>>>
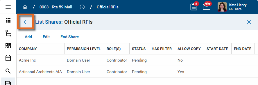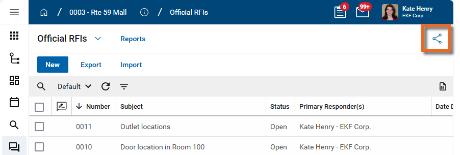 A powerful feature of the Kahua platform is the ability to share project information across domains. For example, a general contractor can share a project's RFI log or submittal log on a project with the subcontractors on that project, ensuring everyone is on the same page. For more general information on sharing in Kahua, refer to Understanding how Kahua sharing works.
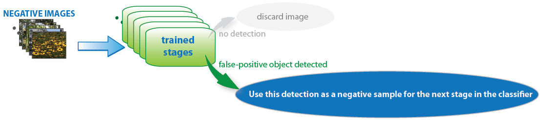 Just as with positive samples, there is no guarantee that the calculated number of negative samples are always available for a particular stage. The trainCascadeObjectDetector function generates negative samples from the negative images. However, with each new stage, the overall false alarm rate of the cascade classifier decreases, making it less likely to find the negative samples.
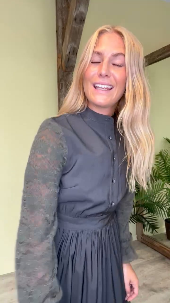 En utroligt smuk kjole fra Nümph i et meget flatterende og feminint snit. Kjolen går ind i taljen og bagpå er der elastik. Med sine smukke detaljerede ærmer og bund i den fluffy kvalitet, er der en flot sammenhæng og harmoni i kjolen.
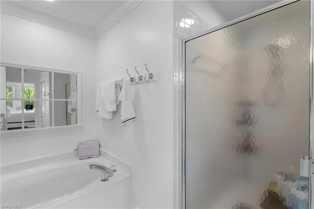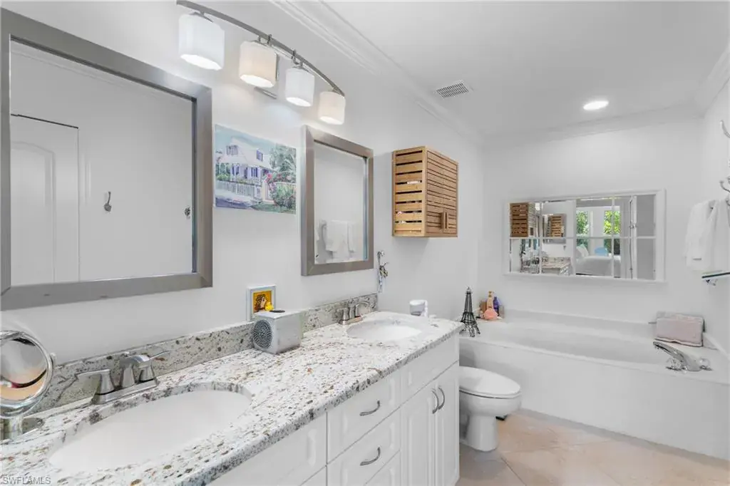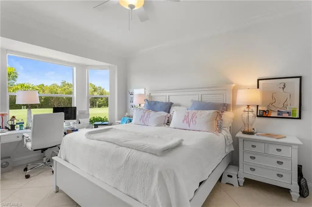 The Primary bedroom has windows which make it very open, airy and bright with crown molding, large tile floors, and a door which opens out to the lanai. The Primary bath has a walk-in shower, a large soaking tub, new closet designed by Closet by Design with double sinks, and granite countertops. The second bedroom is very quiet and has a large TV and full bath. You will have a covered parking area and storage unit for your beach and bike toys. You are in a gated community with two heated pools with barbecue grills for your outdoor entertaining.
<<<
▸ The task
Print verbatim every line above, apart from the pictures.

▸ Result of the task
 A powerful feature of the Kahua platform is the ability to share project information across domains. For example, a general contractor can share a project's RFI log or submittal log on a project with the subcontractors on that project, ensuring everyone is on the same page. For more general information on sharing in Kahua, refer to Understanding how Kahua sharing works.
 Just as with positive samples, there is no guarantee that the calculated number of negative samples are always available for a particular stage. The trainCascadeObjectDetector function generates negative samples from the negative images. However, with each new stage, the overall false alarm rate of the cascade classifier decreases, making it less likely to find the negative samples.
 En utroligt smuk kjole fra Nümph i et meget flatterende og feminint snit. Kjolen går ind i taljen og bagpå er der elastik. Med sine smukke detaljerede ærmer og bund i den fluffy kvalitet, er der en flot sammenhæng og harmoni i kjolen.
 The Primary bedroom has windows which make it very open, airy and bright with crown molding, large tile floors, and a door which opens out to the lanai. The Primary bath has a walk-in shower, a large soaking tub, new closet designed by Closet by Design with double sinks, and granite countertops. The second bedroom is very quiet and has a large TV and full bath. You will have a covered parking area and storage unit for your beach and bike toys. You are in a gated community with two heated pools with barbecue grills for your outdoor entertaining.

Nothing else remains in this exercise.